# Probability Distribution Analysis: Theory vs. Practice

## Executive Summary

This document analyzes the **actual behavior** of the crossword word selection system, complementing the theoretical framework described in [`composite_scoring_algorithm.md`](composite_scoring_algorithm.md). While the composite scoring theory is sound, empirical analysis reveals significant discrepancies between intended and actual behavior.

### Key Findings
- **Similarity dominates**: Difficulty-based frequency preferences are too weak to create distinct selection patterns
- **Exponential distributions**: Actual probability distributions follow exponential decay, not normal distributions
- **Statistical misconceptions**: Using normal distribution concepts (μ ± σ) on exponentially decaying data is misleading
- **Mode-mean divergence**: Statistical measures don't represent where selections actually occur

## Observed Probability Distributions

### Data Source: Technology Topic Analysis
Using the debug visualization with `ENABLE_DEBUG_TAB=true`, we analyzed the actual probability distributions for different difficulties:

```
Topic: Technology
Candidates: 150 words
Temperature: 0.2
Selection method: Softmax with composite scoring
```

### Empirical Results

#### Easy Difficulty
```
Mean Position: Word #42 (IMPLEMENT)
Distribution Width (σ): 33.4 words
σ Sampling Zone: 70.5% of probability mass
σ Range: Words #9-#76
Top Probability: 2.3%
```

#### Medium Difficulty  
```
Mean Position: Word #60 (COMPUTERIZED)
Distribution Width (σ): 42.9 words
σ Sampling Zone: 61.0% of probability mass  
σ Range: Words #17-#103
Top Probability: 1.5%
```

#### Hard Difficulty
```
Mean Position: Word #37 (DIGITISATION)
Distribution Width (σ): 40.2 words
σ Sampling Zone: 82.1% of probability mass
σ Range: Words #1-#77  
Top Probability: 4.1%
```

### Critical Observation
**All three difficulty levels show similar exponential decay patterns**, with only minor variations in peak height and mean position. This indicates the frequency-based difficulty targeting is not working as intended.

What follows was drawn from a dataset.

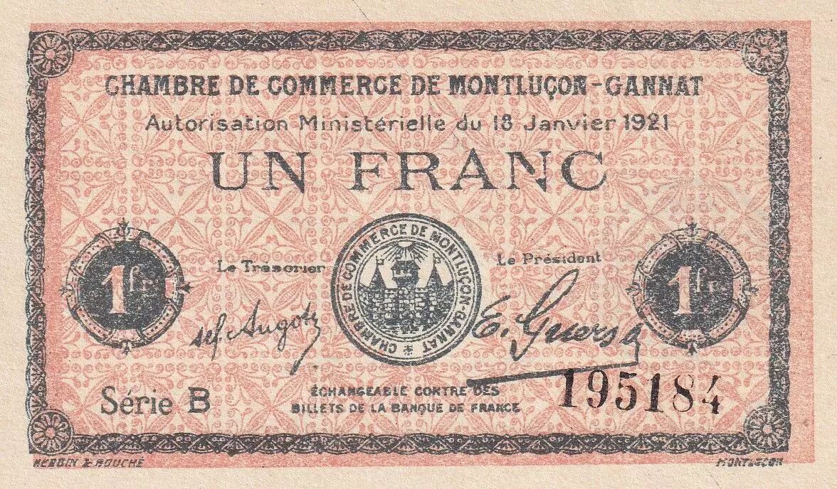 Banknote France 1 Franc - Chambre de commerce de Montluçon-Gannat - Serial B - P.84-58
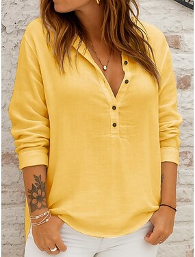 Mulheres Camisa Social Mistura de Algodão Blusa Botões Tecido Moderno Casual Manga Longa Decote V Tops regulares Diário Para Noite Amarelo Rosa Cáqui Cinzento Verão

## Statistical Misconceptions in Current Approach

### The Mode-Mean Divergence Problem

The visualization shows a red line (μ) at positions 37-60, but the highest probability bars are at positions 0-5. This reveals a fundamental statistical concept:

```
Distribution Type: Exponentially Decaying (Highly Skewed)

Mode (Peak):     Position 0-3     (2-4% probability)
Median:          Position ~15     (Where 50% of probability mass is reached)  
Mean (μ):        Position 37-60   (Weighted average position)
```

### Why μ is "Wrong" for Understanding Selection

In an exponential distribution with long tail:

1. **Mode (0-3)**: Where individual words have highest probability
2. **Practical sampling zone**: First 10-20 words contain ~60-80% of probability mass
3. **Mean (37-60)**: Pulled far right by 100+ words with tiny probabilities

The mean doesn't represent where sampling actually occurs—it's mathematically correct but practically misleading.

### Standard Deviation Misapplication

The σ visualization assumes a normal distribution where:
- **Normal assumption**: μ ± σ contains ~68% of probability mass
- **Our reality**: Exponential distribution with μ ± σ often missing the high-probability words entirely

For exponential distributions, percentiles or cumulative probability are more meaningful than standard deviation.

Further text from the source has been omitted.